Submitted to: Biochemical Journal
Publication Type: Peer reviewed journal
Publication Acceptance Date: 5/20/2007
Publication Date: 9/15/2007
Citation: Wilson, C.R., Tran, M.K., Salazar, K.L., Young, M.E., Taegtmeyer, H. 2007. Western diet, but not high fat diet, causes derangements of fatty acid metabolism and contractile dysfunction in the heart of Wistar rats. Biochemical Journal. 406(3):457-467. Interpretive Summary: Conditions associated with prolonged elevations in blood fat levels have been associated with heart disease development in humans. However, the time course of heart disease development following prolonged high-fat feeding is lacking in rodent models. This is a fundamental question if rodent models are to be used for investigating the heart disease observed in humans. The present study shows that feeding a rat a calorie-rich diet, composed of both glucose and fat (called a Western diet) leads to heart disease in approximately 1 year. In contrast, feeding a rat a calorie-rich diet, composed of primarily fat (similar to the Atkin's diet) does not lead to heart disease within the 1-year period studied. These results show that both glucose and fat are required to cause heart disease.
Technical Abstract: Obesity and diabetes are associated with increased fatty acid availability in excess of muscle fatty acid oxidation capacity. This mismatch is implicated in the pathogenesis of cardiac contractile dysfunction and also in the development of skeletal muscle insulin resistance. We tested the hypothesis that "western" and high-fat diets differentially cause maladaptation of cardiac and skeletal muscle fatty acid oxidation, resulting in cardiac contractile dysfunction.

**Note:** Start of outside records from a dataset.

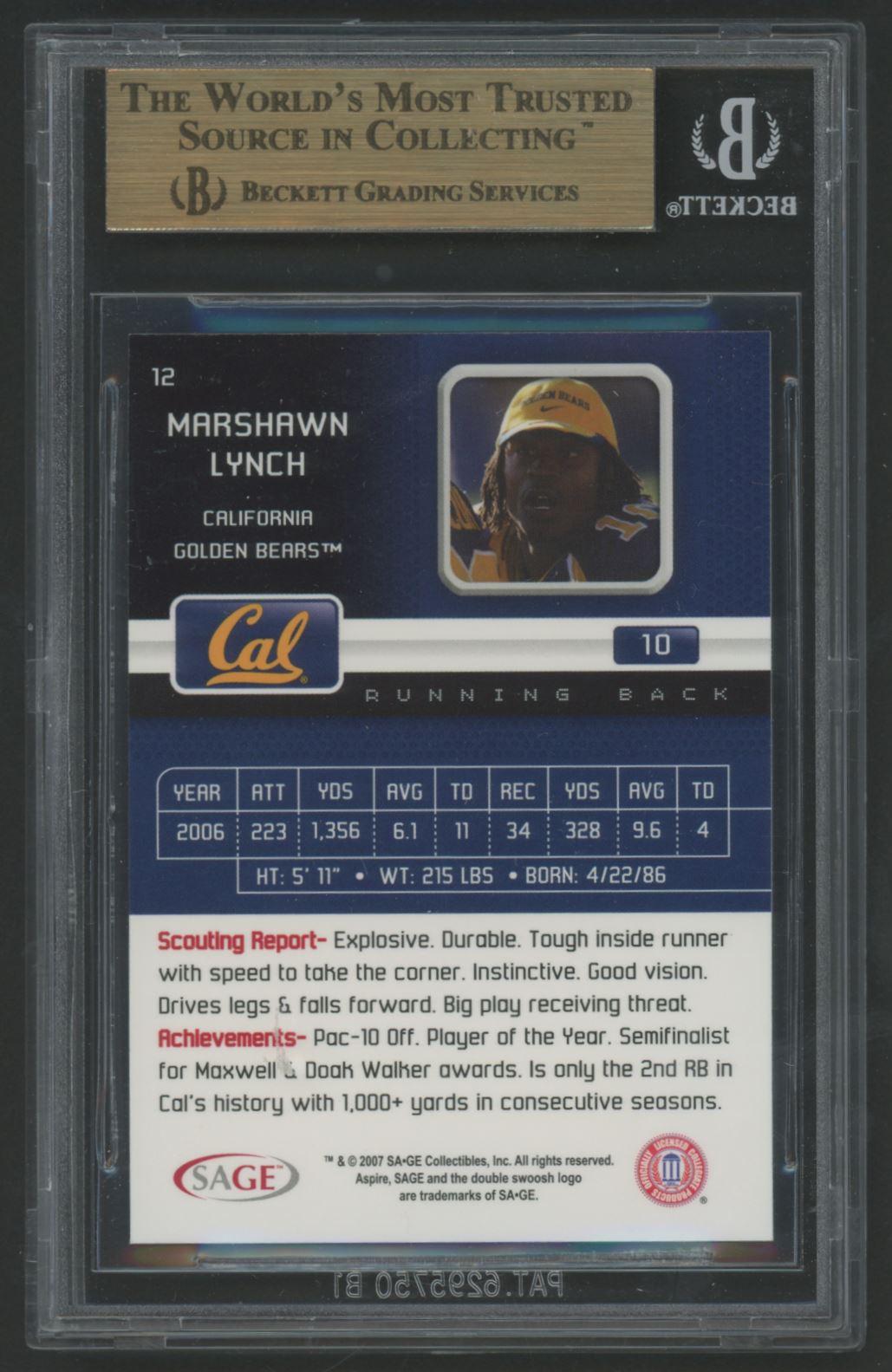 Marshawn Lynch 2007 Aspire #12 (BGS 9.5)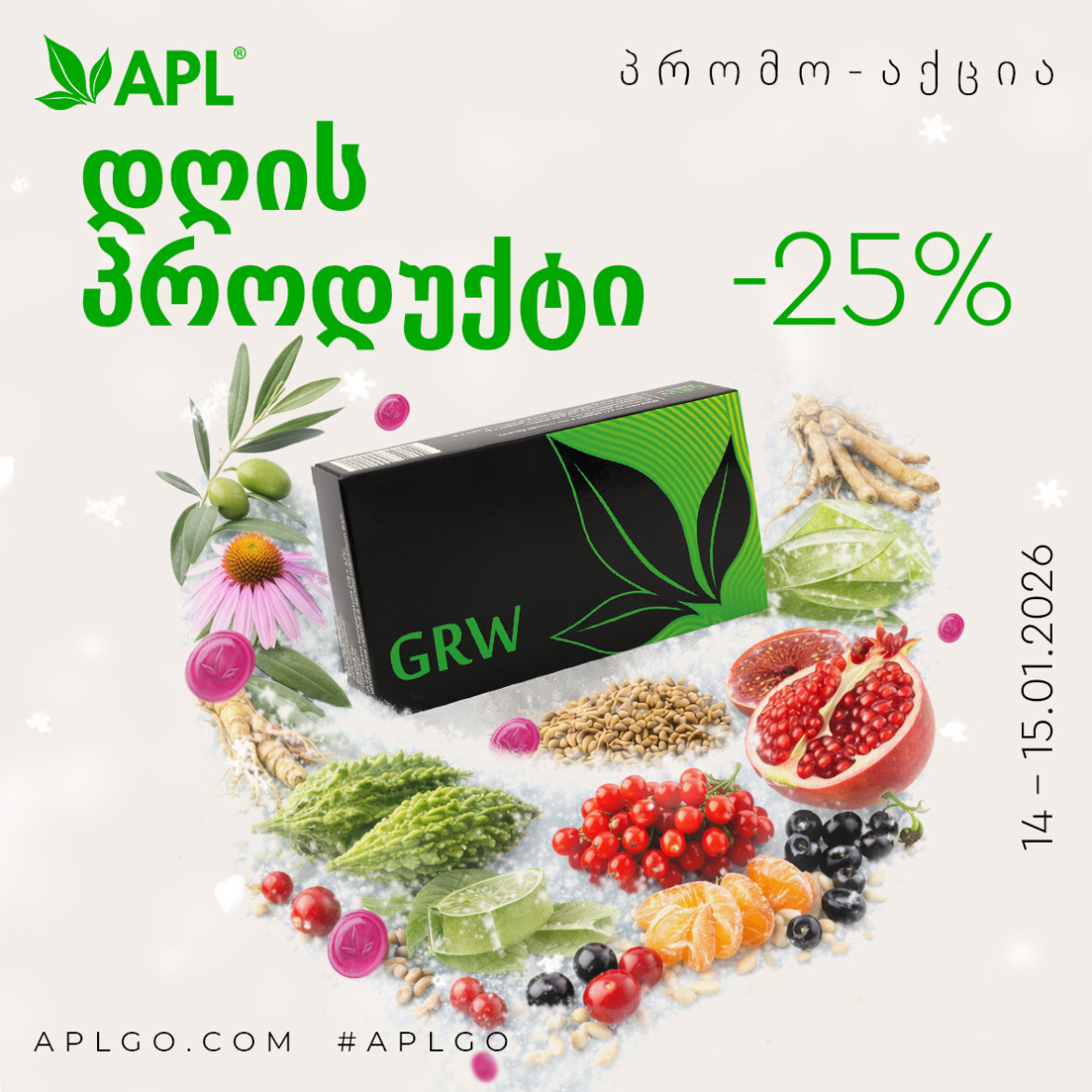 თქვენი ბუნებრივი დაცვა შეიძლება უფრო ძლიერი იყოს, რას იტყვით? GRW უბრალოდ ყინულკარამელი არ არის — ეს დაბალანსებული კომპლექსია ორგანიზმის გასაძლიერებლად. თქვენი ჯანმრთელობის, ენერგიისა და გამძლეობის წყარო. ახლა განსაკუთრებული სარგებლით — 25%!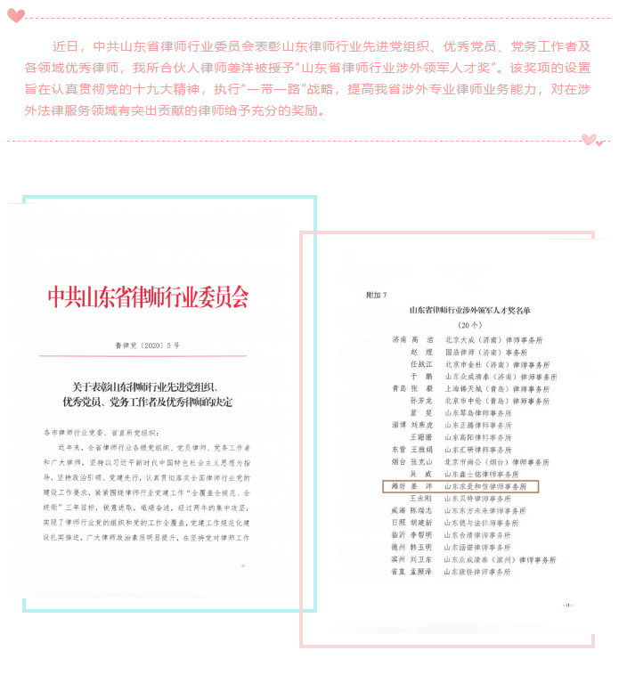 『求是动态』我所姜洋律师荣获“山东省律师行业涉外领军人才奖” 来源:求是和信网 日期:2020-12-23 14:20 发布人:qshx 浏览量: 2289 上一篇:『求是动态』我所举办党的十九届五中全会会议精神集体学习 下一篇:求是动态 | 我所青年律师闪耀“大成杯”诉辩赛场 专业素养与团队协作铸就卓越战绩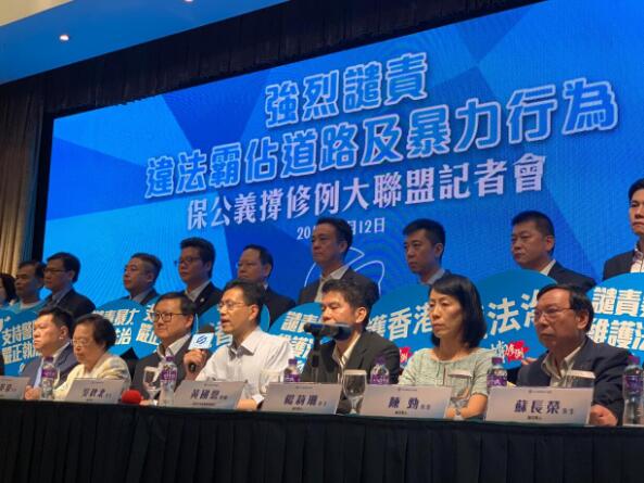 【香港商報網訊】記者周偉立報道:金鐘一帶昨日發生大型騷亂,「保公義撐修例大聯盟」昨日下午舉行記者會,強烈譴責香港近日出現的暴力恐嚇及衝擊等違法行為,批評香港社會有少數人與外部勢力互相勾結,鼓動年輕人暴力衝擊立法會,甚至發起罷工、罷課、違法霸佔道路、堵塞交通等激進違法行為,呼籲所有對修訂《逃犯條例》持不同意見人士,以理性、和平、合法的方式來表達,求同存異,達成共識。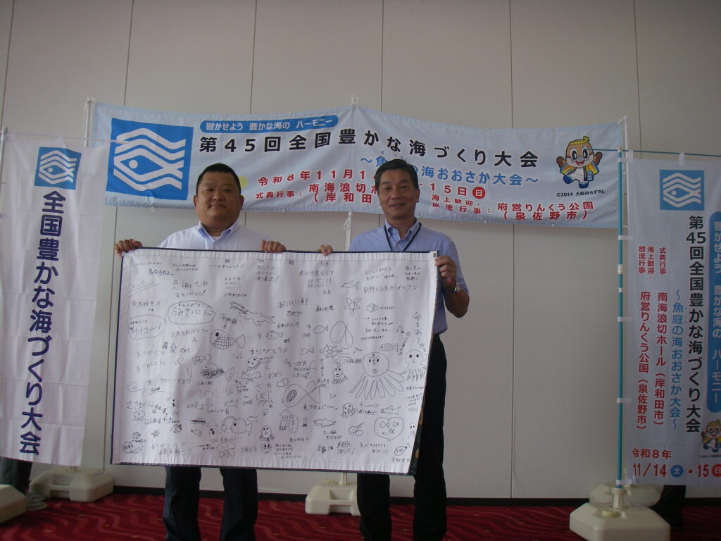 令和7年9月22日(月曜日)に、公益社団法人岸和田青年会議所から大漁旗を贈呈いただきました。岸和田市立産業高等学校の生徒達にデザインいただいたもので、表面には大きなクロダイが描かれています。裏面には、子ども達などからの海への感謝が込められたメッセージを沢山いただいています!今後、PRイベント等で大漁旗を活用させていただく予定です。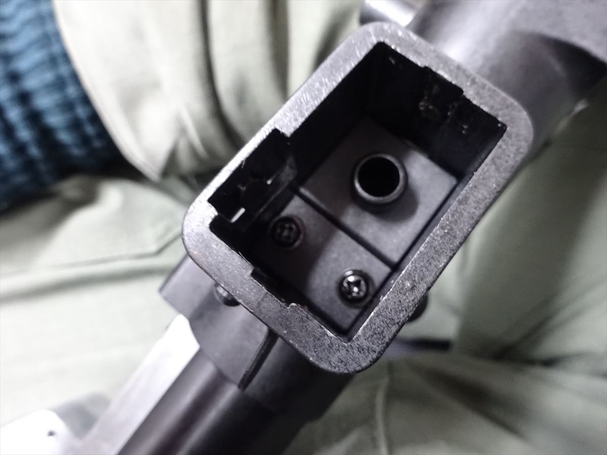 ボルトを引いて、メカボックスとチャンバーを連結しているネジ(下側)を外します。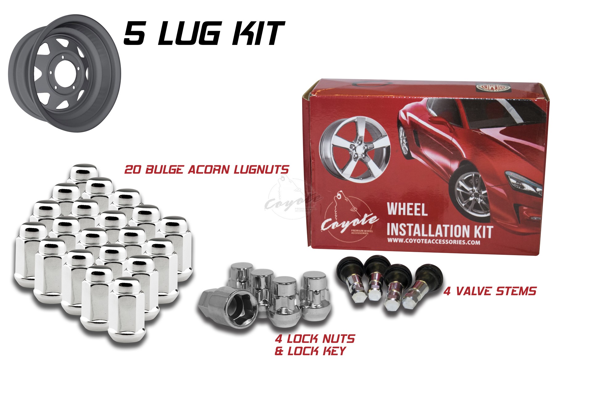 COYOTE 70K542 Wheel Installation Kit5 Lug Kit; 1/2 Inch x 20 Thread Size; 60 Degree Conical Bulge; Acorn; 1.90 InchMFG: COYOTE WHEEL ACCESSORIESMFG Part Number: 70K542REV70K542 $48.59 Details...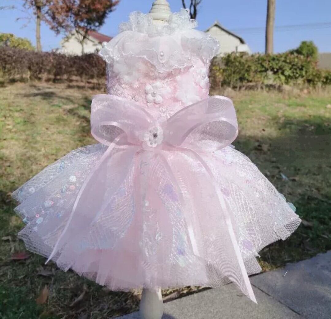 レースをたっぷりのお洒落なショートドレス。スパンコールやホロが沢山散りばめてあり、キラキラです。お色違いのブルーのドレスもあります。どちらもオススメの可愛い作品です♡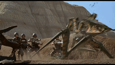 小编唯一拥有过VCD的电影。这部堪称无冕之王。在97年时投资超过一亿的大制作,也是银幕上最早的大规模CG战斗场面。超过300名的艺术家和技术员组成的VFX特效小组,打造出了极其逼真震撼的人虫战斗场面,其效果之精致放在今天丝毫不露破绽。而本片的特效也对之后的大片如《指环王》,《300勇士》,《天国王朝》产生了深远影响。

Wistar rats were fed low-fat, "western," or high-fat (10%, 45%, or 60% calories from fat, respectively) diet for acute (1 day to 1 week), short (4 to 8 weeks), intermediate (16 to 24 weeks), or long (32 to 48 weeks) term. Oleate oxidation in heart muscle ex vivo increased with high-fat diet at all time points investigated. In contrast, cardiac oleate oxidation increased with western diet in the acute, short, and intermediate term, but not in the long term. Consistent with fatty acid oxidation maladaptation, cardiac power decreased with long-term western diet only. In contrast, soleus muscle oleate oxidation (ex vivo) increased only in the acute and short term with either western or high-fat feeding. Fatty acid-responsive genes, including pyruvate dehydrogenase kinase 4 and cytosolic thioesterase 1, increased in heart and soleus muscle to a greater extent with feeding a high-fat diet, versus a western diet. In conclusion, we implicate inadequate induction of a cassette of fatty acid-responsive genes, and impaired activation of fatty acid oxidation, in the development of cardiac dysfunction with western diet.